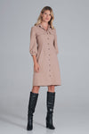 Midi shirt dress, slightly waisted with a collar. The dress has 3/4 sleeves with a cuff. Buttoned at the front. Pockets at the bust.
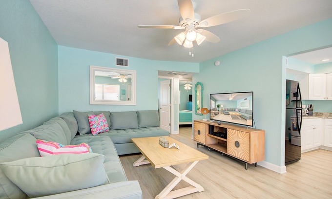 This beach themed bungalow is located in the hub of Indian Rocks Beach. Within walking distance to everything you need and steps to the Gulf of Mexico Beach. This relaxing retreat is one of only two units available (convenient if you want to bring more friends or family). It was newly remodeled in Spring 2019 with new furniture and stocked with all the comforts of home. Plus a NEW 3 hole mini golf putting green was just installed for our 2022 guests!!!
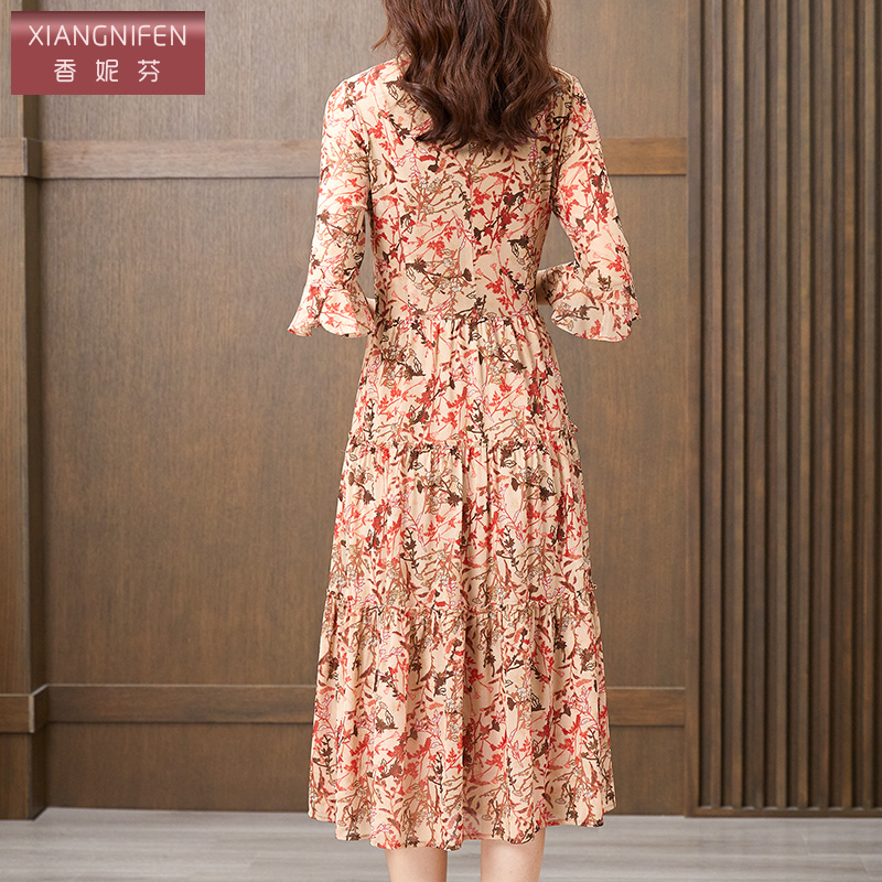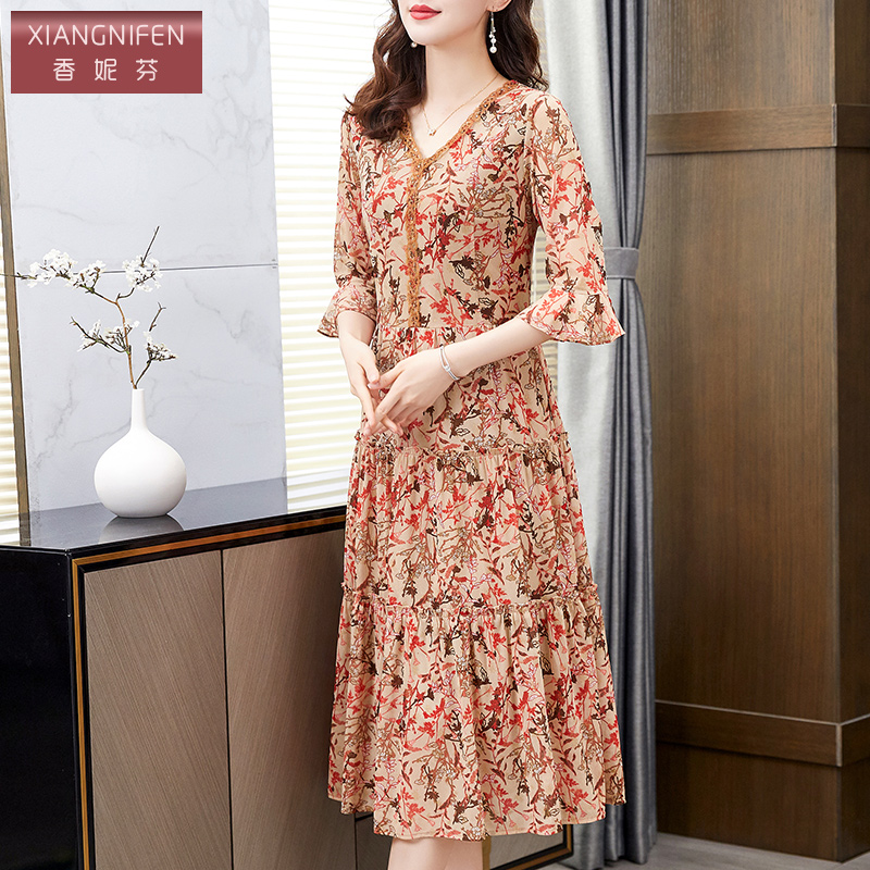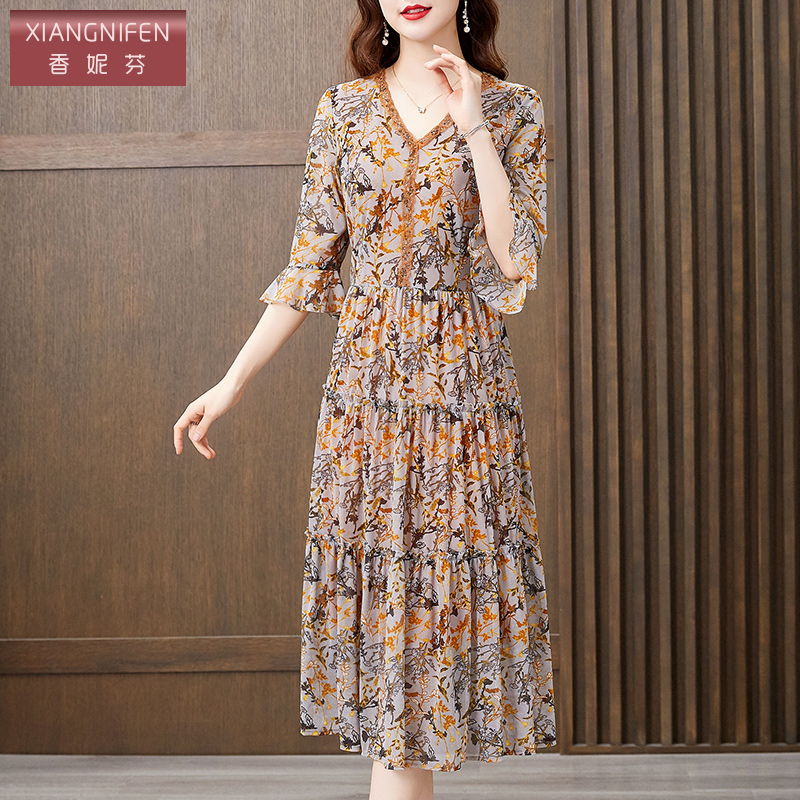 复古裙 中袖 香妮芬气质洋气v领中年妈妈台湾纱连衣裙2025新款 夏季

◇ ◇ ◇ ◇ ◇

Instructions to follow: Beginning with the line where "This beach themed" appears, reproduce every remaining line of the listing above, the last one included, but none of the pictures.

Exercise output:
 This beach themed bungalow is located in the hub of Indian Rocks Beach. Within walking distance to everything you need and steps to the Gulf of Mexico Beach. This relaxing retreat is one of only two units available (convenient if you want to bring more friends or family). It was newly remodeled in Spring 2019 with new furniture and stocked with all the comforts of home. Plus a NEW 3 hole mini golf putting green was just installed for our 2022 guests!!!
 复古裙 中袖 香妮芬气质洋气v领中年妈妈台湾纱连衣裙2025新款 夏季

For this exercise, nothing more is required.